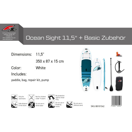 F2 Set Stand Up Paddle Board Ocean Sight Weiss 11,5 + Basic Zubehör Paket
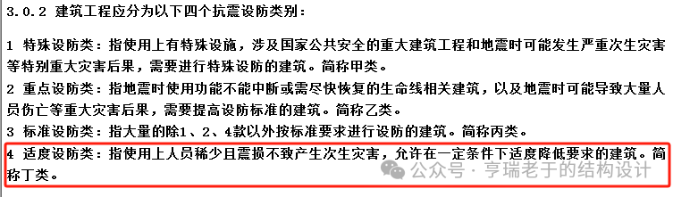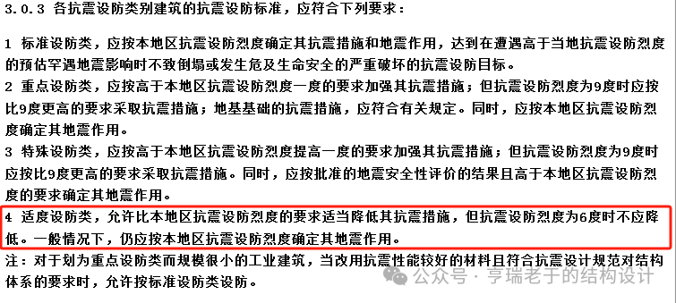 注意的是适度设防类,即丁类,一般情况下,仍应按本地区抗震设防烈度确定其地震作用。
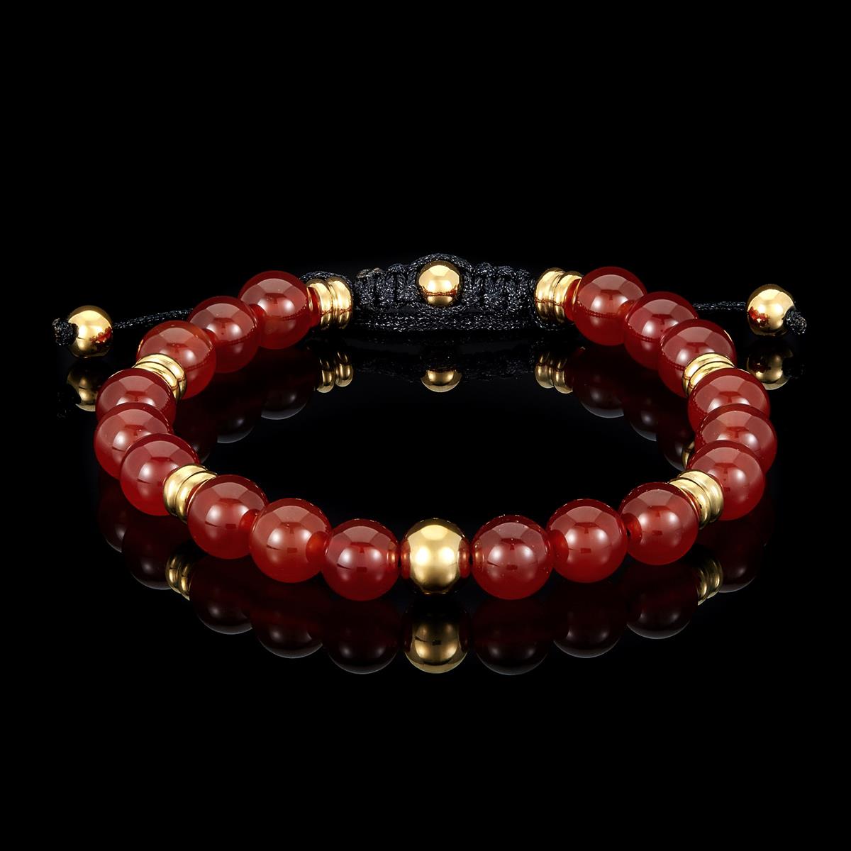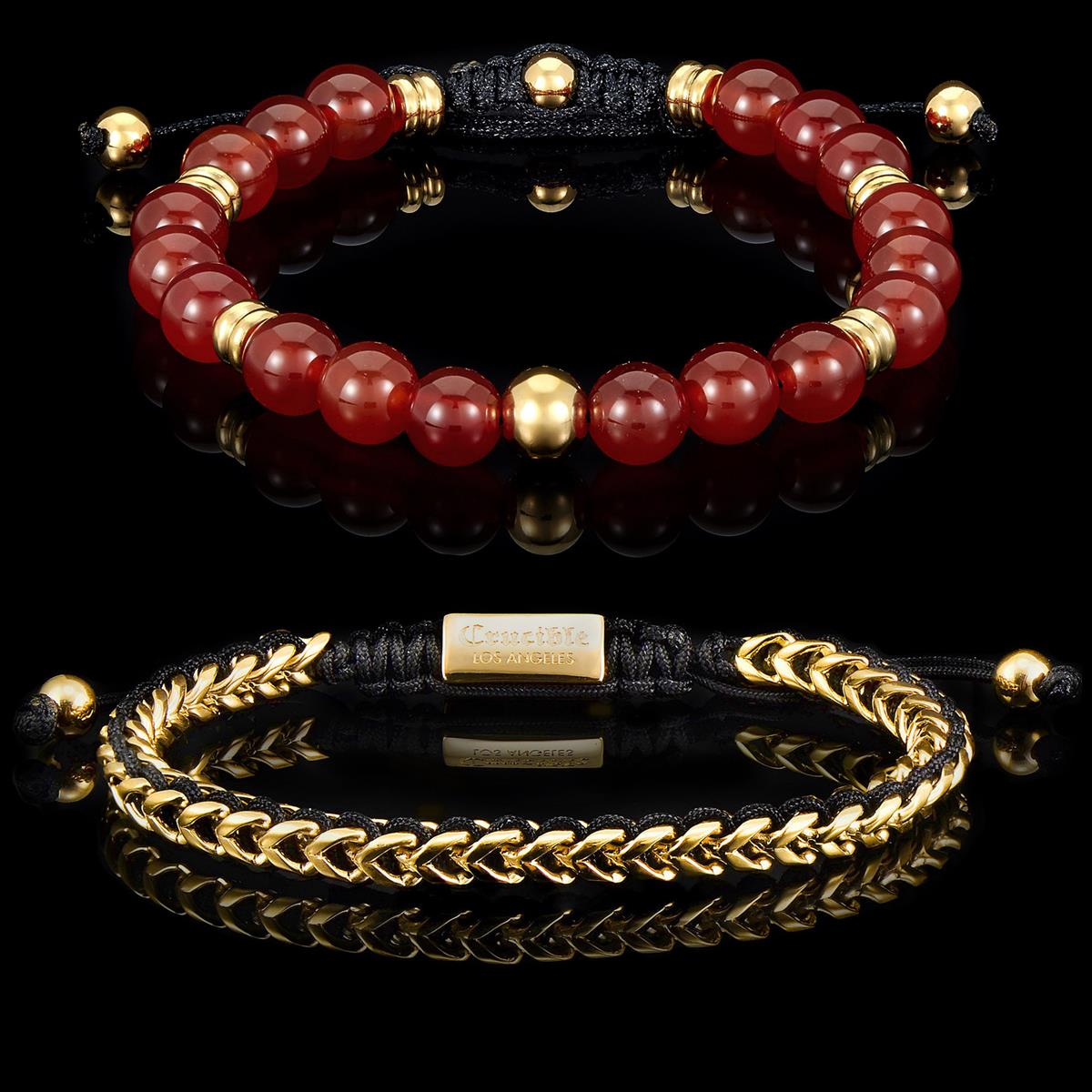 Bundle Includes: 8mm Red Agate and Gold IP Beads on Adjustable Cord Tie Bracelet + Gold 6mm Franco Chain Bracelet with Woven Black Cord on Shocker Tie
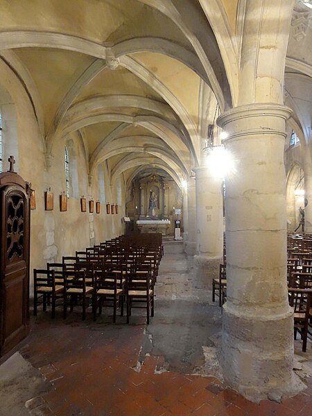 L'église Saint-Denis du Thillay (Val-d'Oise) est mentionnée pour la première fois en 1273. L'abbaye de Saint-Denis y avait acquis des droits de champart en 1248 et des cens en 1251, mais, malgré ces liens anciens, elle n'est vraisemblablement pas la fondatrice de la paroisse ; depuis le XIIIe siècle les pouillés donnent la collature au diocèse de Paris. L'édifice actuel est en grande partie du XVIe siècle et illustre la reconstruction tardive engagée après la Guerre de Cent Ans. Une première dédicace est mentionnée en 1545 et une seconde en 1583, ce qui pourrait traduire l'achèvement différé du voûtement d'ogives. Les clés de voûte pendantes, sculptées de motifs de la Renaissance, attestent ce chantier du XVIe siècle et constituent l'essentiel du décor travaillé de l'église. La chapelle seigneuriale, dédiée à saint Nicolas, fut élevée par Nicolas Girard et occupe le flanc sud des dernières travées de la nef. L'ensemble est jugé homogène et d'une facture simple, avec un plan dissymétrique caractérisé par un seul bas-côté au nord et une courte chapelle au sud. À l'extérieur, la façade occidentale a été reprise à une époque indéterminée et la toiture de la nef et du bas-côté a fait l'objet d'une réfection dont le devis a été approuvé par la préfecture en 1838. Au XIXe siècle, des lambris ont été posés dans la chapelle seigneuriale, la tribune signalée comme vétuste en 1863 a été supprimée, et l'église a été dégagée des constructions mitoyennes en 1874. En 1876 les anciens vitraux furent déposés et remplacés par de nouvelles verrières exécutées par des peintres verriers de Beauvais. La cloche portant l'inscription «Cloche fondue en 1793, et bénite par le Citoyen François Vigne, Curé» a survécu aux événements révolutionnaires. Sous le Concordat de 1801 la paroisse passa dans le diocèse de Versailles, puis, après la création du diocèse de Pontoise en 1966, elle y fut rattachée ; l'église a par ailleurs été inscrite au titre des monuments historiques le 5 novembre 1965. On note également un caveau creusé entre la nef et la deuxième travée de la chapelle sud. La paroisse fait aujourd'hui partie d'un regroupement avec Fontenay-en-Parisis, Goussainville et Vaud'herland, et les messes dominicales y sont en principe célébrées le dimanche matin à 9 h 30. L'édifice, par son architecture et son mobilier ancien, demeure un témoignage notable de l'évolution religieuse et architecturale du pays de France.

__What you should do__
Give back the lines word for word, from the very first in the material above to the one that has "Bundle Includes: 8mm", both included, without the pictures.

__Result for this exercise__
 F2 Set Stand Up Paddle Board Ocean Sight Weiss 11,5 + Basic Zubehör Paket
 注意的是适度设防类,即丁类,一般情况下,仍应按本地区抗震设防烈度确定其地震作用。
 Bundle Includes: 8mm Red Agate and Gold IP Beads on Adjustable Cord Tie Bracelet + Gold 6mm Franco Chain Bracelet with Woven Black Cord on Shocker Tie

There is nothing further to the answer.